HDB Financials' valuation represents a significant discount to Chola, which trades at 5.7 times PBV and 32 times PE on trailing basis, said YES Securities. "In the light of HDB’s sturdy franchise, strong management/promoter, positively changing operating environment and palatable IPO valuation, we recommend subscribing into the issue with a potential of meaningful upside," it said.

HDB Financial is available at a P/B ratio of 3.4 times, which appears to be fairly priced compared to its peers, said Geojit Investments. "Given its diversified lending portfolio, strong parentage support, omni-channel distribution platform, granular lending model, customer expansion, asset quality, and better growth prospects, we recommend a 'subscribe' rating on a long term," it said.

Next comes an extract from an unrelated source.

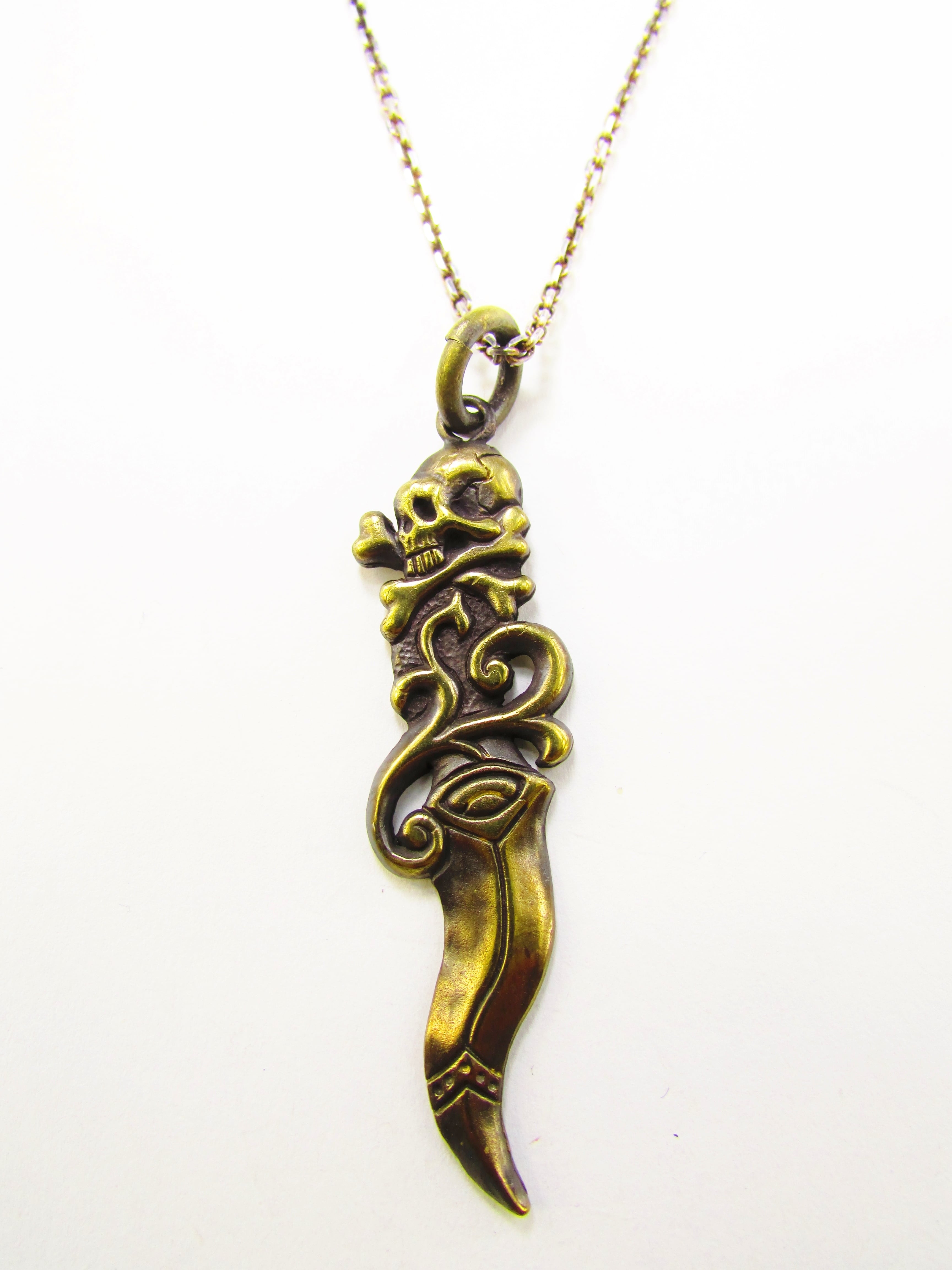 短剣モチーフに剣先を見つめる目とSkull&bonesを組み合わせて製作。

For the year ended on March 31, 2025, HDB Financial Services reported a net profit of Rs 2,175.92 crore with a revenue of Rs 16,300.28 crore. The company clocked a net profit of Rs 2,460.84 crore with a revenue of Rs 14,171.12 crore for the financial year 2023-24. The company shall command a market capitalization more than Rs 61,250 crore.

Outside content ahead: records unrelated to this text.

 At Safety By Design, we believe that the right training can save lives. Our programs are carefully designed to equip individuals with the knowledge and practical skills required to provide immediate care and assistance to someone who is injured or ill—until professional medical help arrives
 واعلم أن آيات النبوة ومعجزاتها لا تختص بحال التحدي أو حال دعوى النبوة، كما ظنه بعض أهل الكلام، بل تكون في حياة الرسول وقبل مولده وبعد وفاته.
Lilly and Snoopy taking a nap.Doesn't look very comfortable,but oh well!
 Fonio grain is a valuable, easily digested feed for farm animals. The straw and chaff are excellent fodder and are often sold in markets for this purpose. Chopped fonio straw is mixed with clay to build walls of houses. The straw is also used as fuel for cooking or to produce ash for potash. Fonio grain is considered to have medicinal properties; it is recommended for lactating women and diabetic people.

HDB Financial Services raised Rs 3,369 crore from 141 anchor investors as it allotted 4.5 crore shares at Rs 740 apiece. It has reserved shares for Rs 20 crore for its eligible employees, while shares for Rs 1,250 crore are reserved for the eligible shareholders of HDFC Bank. It has reserved 50 per cent of the net offer for QIBs, 15 per cent NIIs and 35 per cent for retailers.

Advertisement

HDB Financial Services operates through a robust nationwide distribution network of 1,771 branches and over 60,000 employees, with a strong focus on digital infrastructure and underbanked customer segments. Supported by the recent RBI rate cut, the borrowing environment is favorable, offering potential for margin expansion, said Mahesh Ojha, AVP- Research at Hensex Securities.

"Despite being significantly smaller than peers like Bajaj Finance, HDB benefits from its strong parentage and has demonstrated consistent growth. From FY23 to FY25, its AUM and PAT grew at a CAGR of 24 per cent and 5.4 per cent, respectively, while maintaining average Gross NPAs around 2.3 per cent, indicating strong asset quality amid expansion,"

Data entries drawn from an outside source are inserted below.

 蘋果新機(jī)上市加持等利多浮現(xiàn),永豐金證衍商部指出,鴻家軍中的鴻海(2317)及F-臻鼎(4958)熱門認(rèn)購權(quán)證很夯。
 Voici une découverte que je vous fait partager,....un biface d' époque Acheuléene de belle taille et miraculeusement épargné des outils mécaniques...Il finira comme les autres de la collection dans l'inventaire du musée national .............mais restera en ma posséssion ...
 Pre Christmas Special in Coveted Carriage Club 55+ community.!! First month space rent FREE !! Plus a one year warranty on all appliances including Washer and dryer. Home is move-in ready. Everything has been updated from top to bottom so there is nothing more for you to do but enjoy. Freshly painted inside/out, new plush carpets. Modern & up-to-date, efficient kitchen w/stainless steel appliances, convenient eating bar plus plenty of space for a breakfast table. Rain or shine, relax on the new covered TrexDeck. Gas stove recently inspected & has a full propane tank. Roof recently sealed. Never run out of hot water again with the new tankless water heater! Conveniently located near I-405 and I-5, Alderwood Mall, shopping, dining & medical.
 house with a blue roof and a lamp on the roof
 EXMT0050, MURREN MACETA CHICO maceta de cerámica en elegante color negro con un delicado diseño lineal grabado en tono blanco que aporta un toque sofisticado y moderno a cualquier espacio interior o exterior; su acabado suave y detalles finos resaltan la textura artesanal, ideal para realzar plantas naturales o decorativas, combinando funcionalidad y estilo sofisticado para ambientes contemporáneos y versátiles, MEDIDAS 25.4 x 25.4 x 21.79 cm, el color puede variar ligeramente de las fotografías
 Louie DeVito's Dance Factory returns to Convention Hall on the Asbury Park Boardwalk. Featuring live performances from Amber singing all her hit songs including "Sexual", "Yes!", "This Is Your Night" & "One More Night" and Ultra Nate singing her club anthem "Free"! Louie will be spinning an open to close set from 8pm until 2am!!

BNP Paribas, JM Financial, Bofa Securities India, Goldman Sachs (India), HSBC Securities & Capital Markets, IIFL Capital, Jefferies India, Morgan Stanley India, Motilal Oswal Investment, Nomura Financial Advisory, Nuvama Wealth, UBS Securities India are the book running lead managers of the HDB Financial IPO, while MUFG Intime India (Link Intime) is the registrar for the issue.

Disclaimer: Business Today provides stock market news for informational purposes only and should not be construed as investment advice. Readers are encouraged to consult with a qualified financial advisor before making any investment decisions.